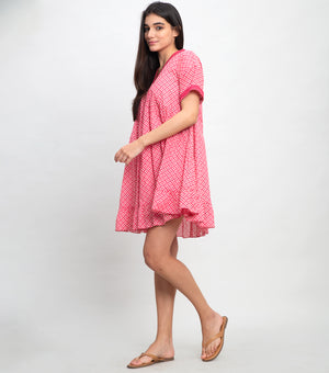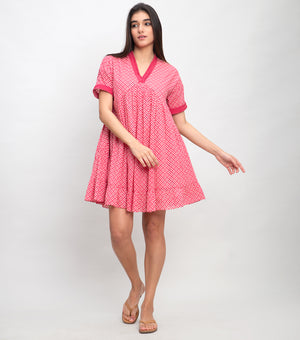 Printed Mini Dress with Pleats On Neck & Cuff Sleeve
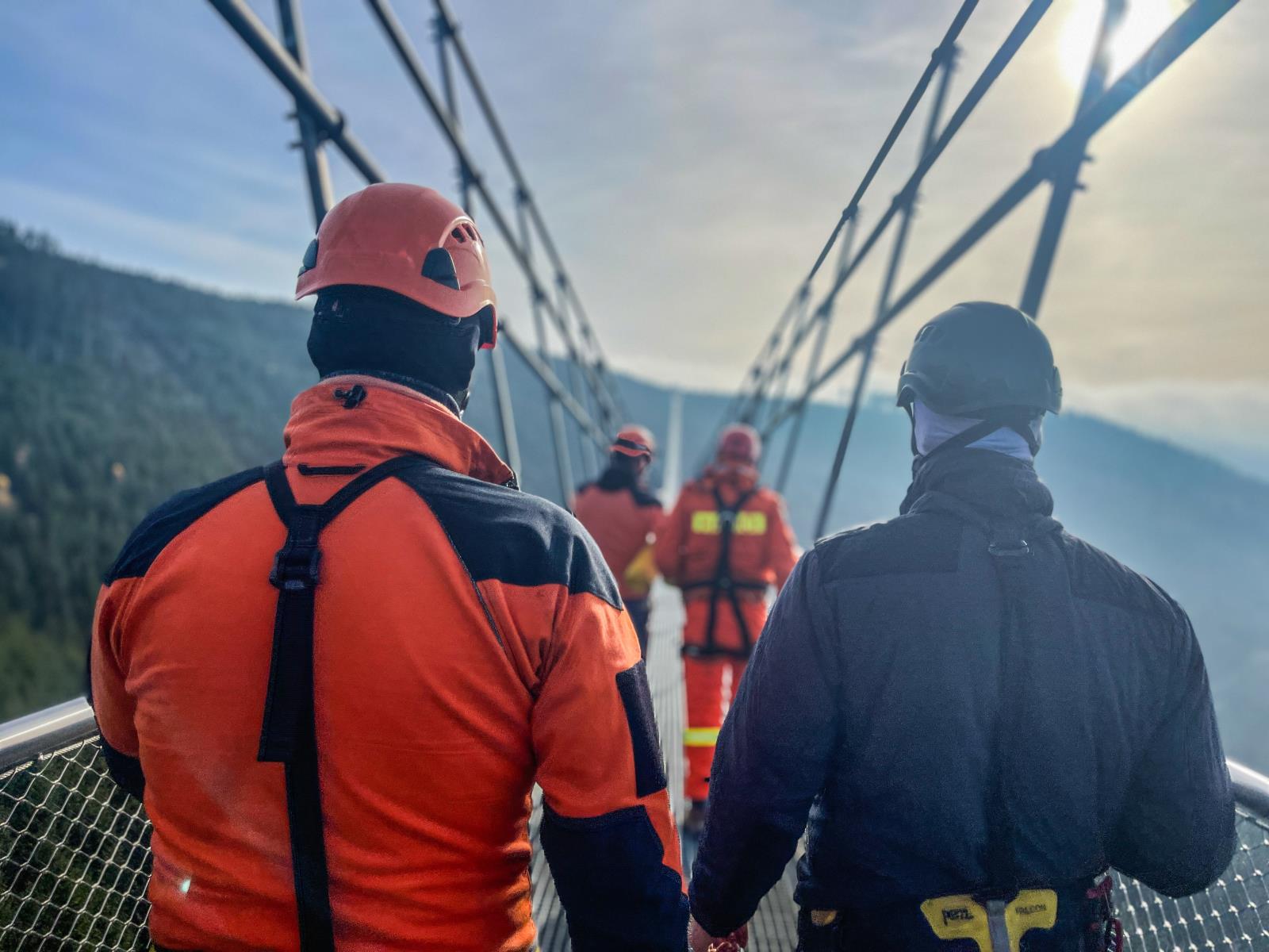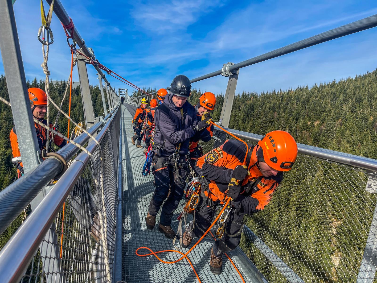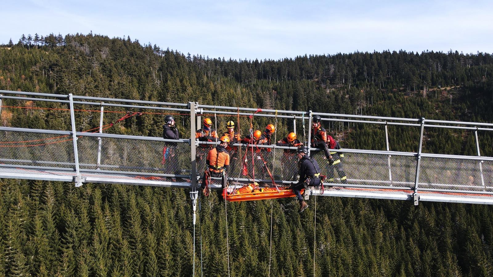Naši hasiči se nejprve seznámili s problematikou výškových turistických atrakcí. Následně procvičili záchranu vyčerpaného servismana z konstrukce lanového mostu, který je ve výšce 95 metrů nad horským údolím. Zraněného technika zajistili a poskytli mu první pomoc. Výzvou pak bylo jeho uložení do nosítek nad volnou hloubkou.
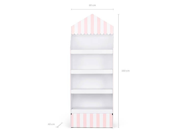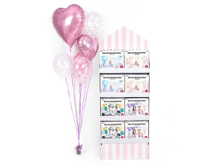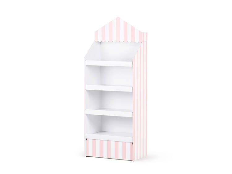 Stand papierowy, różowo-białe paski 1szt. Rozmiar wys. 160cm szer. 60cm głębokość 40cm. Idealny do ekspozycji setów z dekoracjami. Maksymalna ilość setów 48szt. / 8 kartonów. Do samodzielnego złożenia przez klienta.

--

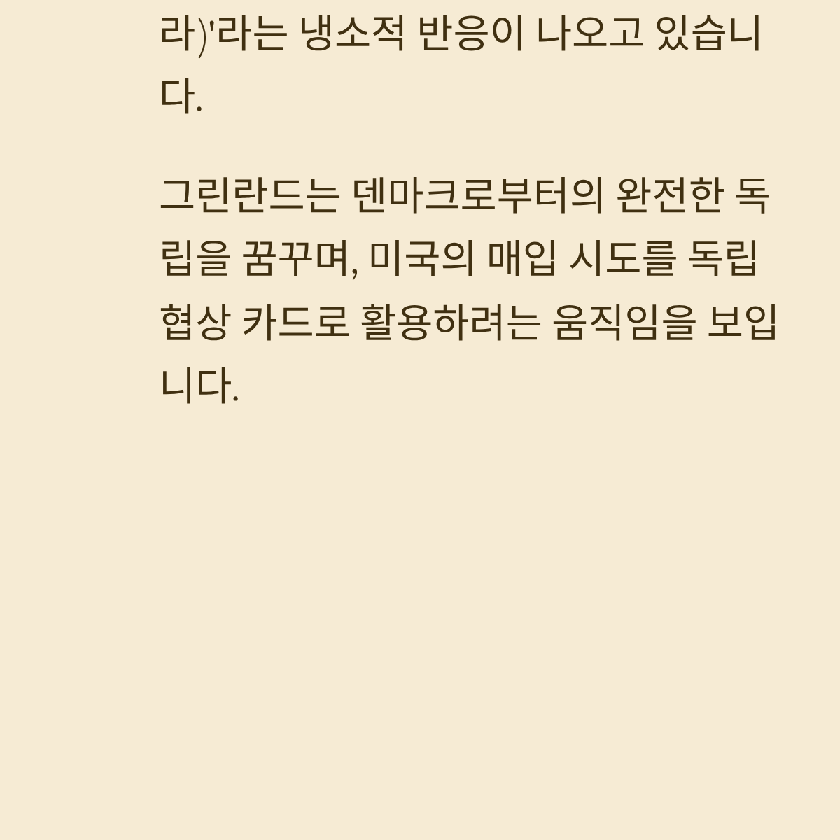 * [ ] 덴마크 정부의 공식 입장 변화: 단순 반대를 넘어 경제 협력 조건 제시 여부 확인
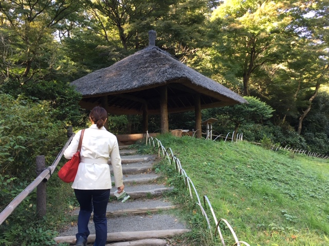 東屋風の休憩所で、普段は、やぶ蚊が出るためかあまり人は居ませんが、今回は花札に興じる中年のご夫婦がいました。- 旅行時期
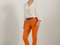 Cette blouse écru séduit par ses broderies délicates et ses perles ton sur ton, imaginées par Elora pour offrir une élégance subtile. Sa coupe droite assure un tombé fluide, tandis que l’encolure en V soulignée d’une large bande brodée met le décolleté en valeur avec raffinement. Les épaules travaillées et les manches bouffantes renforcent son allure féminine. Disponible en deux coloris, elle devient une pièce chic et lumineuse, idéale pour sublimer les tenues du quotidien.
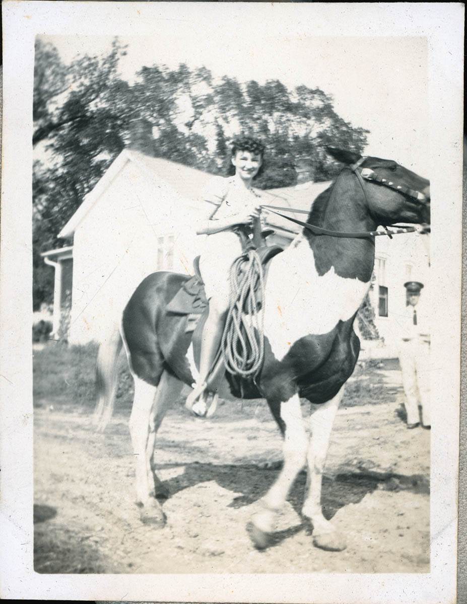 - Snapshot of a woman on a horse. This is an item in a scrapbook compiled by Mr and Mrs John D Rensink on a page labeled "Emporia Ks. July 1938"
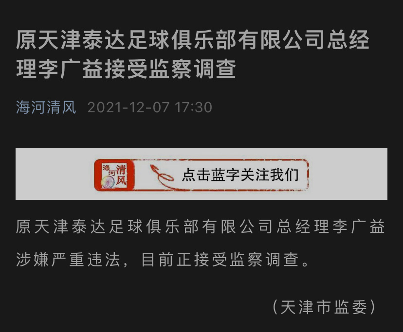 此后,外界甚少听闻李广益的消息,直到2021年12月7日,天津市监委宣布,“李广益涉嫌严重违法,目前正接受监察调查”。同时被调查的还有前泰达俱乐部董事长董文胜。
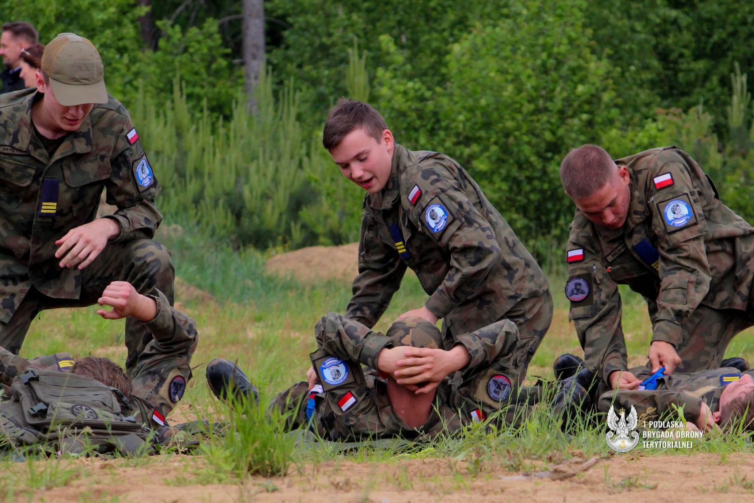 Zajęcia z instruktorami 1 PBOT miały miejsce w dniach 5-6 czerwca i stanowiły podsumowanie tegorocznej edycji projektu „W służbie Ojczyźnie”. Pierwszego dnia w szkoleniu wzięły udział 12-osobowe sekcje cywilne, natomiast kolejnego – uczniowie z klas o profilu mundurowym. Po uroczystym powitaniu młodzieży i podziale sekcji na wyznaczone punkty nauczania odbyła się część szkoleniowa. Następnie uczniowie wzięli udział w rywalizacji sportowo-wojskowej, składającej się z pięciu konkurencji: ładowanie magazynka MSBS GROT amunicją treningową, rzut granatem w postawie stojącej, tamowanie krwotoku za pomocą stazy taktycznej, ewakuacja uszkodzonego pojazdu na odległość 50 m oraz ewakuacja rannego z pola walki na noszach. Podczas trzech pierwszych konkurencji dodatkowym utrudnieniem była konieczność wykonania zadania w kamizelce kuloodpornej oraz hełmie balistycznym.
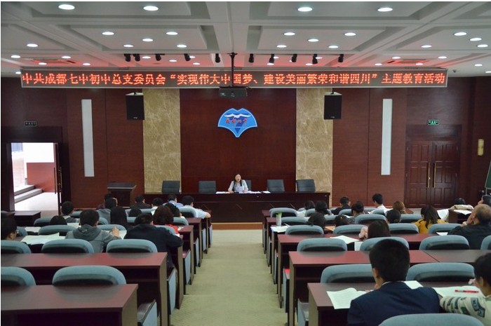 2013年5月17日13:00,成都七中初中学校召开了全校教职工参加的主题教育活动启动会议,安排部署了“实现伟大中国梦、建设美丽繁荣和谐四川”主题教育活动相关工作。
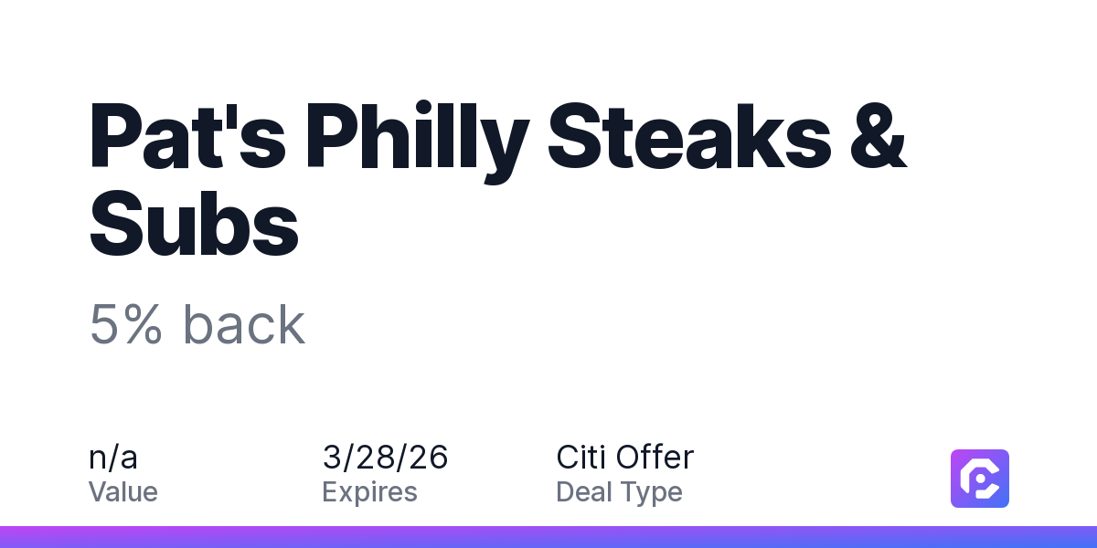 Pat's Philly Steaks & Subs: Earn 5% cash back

→ **PROBLEM STATEMENT**:
Both the line above containing "2013年5月17日13:0" and the line containing "Pat's Philly Steaks" belong in the copy, along with every line between them; print these exactly and omit the pictures.

→ **ANSWER TO THE EXERCISE**:
 2013年5月17日13:00,成都七中初中学校召开了全校教职工参加的主题教育活动启动会议,安排部署了“实现伟大中国梦、建设美丽繁荣和谐四川”主题教育活动相关工作。
 Pat's Philly Steaks & Subs: Earn 5% cash back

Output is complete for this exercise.